How to find files in subdirs and sort them by filename in a single command

filenamesfindsort

Result of a normal find using find . ! -path "./build*" -name "*.txt":

./tool/001-sub.txt
./tool/000-main.txt
./zo/001-int.txt
./zo/id/002-and.txt
./as/002-mod.txt

and when sorted with sort -n:

./as/002-mod.txt
./tool/000-main.txt
./tool/001-sub.txt
./zo/001-int.txt
./zo/id/002-and.txt

however the desired output is:

./tool/000-main.txt
./zo/001-int.txt
./tool/001-sub.txt
./zo/id/002-and.txt
./as/002-mod.txt

which means output is sorted based on filename only, but folder information should be maintained as part of the output.

Edit: Make example more complicated as the subdirectory structure may include more than one level.

Best Answer

You need to sort by the last field (considering / as a field separator). Unfortunately, I can't think of a tool that can do this when the number of fields varies (if only sort -k could take negative values).

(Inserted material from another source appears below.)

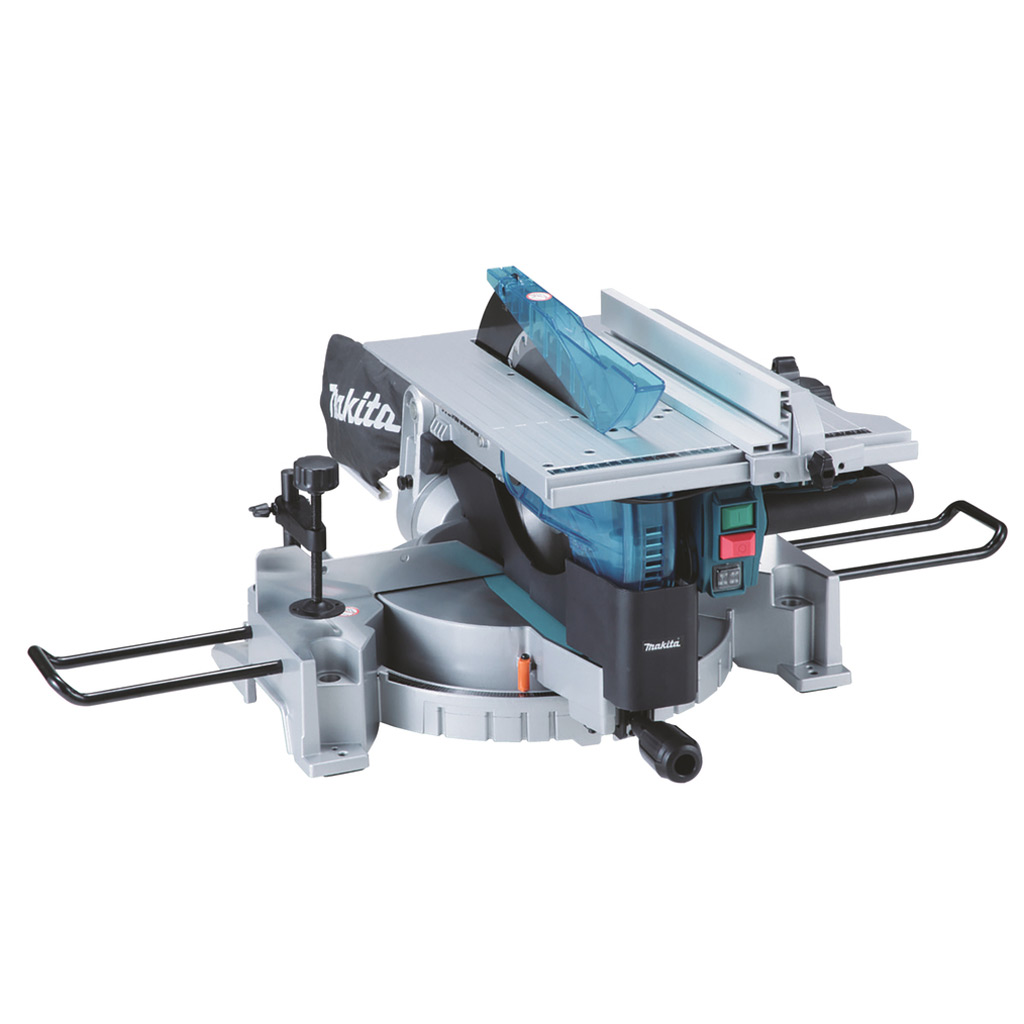La sega da banco Makita LH1201FL , utilizzabile sia a troncare che per tagli a sfilare, monta lame da 305 mm permettendo una capacità di taglio di 95 mm a troncare e 52 a sfilare.

To get around this, you'll have to do a decorate-sort-undecorate. That is, take the filename and put it at the beginning followed by a field separator, then do a sort, then remove the first column and field separator.

find . ! -path "./build*" -name "*.txt" |\
    awk -vFS=/ -vOFS=/ '{ print $NF,$0 }' |\
    sort -n -t / |\
    cut -f2- -d/

That awk command says the field separator FS is set to /; this affects the way it reads fields. The output field separator OFS is also set to /; this affects the way it prints records. The next statement says print the last column (NF is the number of fields in the record, so it also happens to be the index of the last field) as well as the whole record ($0 is the whole record); it will print them with the OFS between them. Then the list is sorted, treating / as the field separator - since we have the filename first in the record, it will sort by that. Then the cut prints only fields 2 through the end, again treating / as the field separator.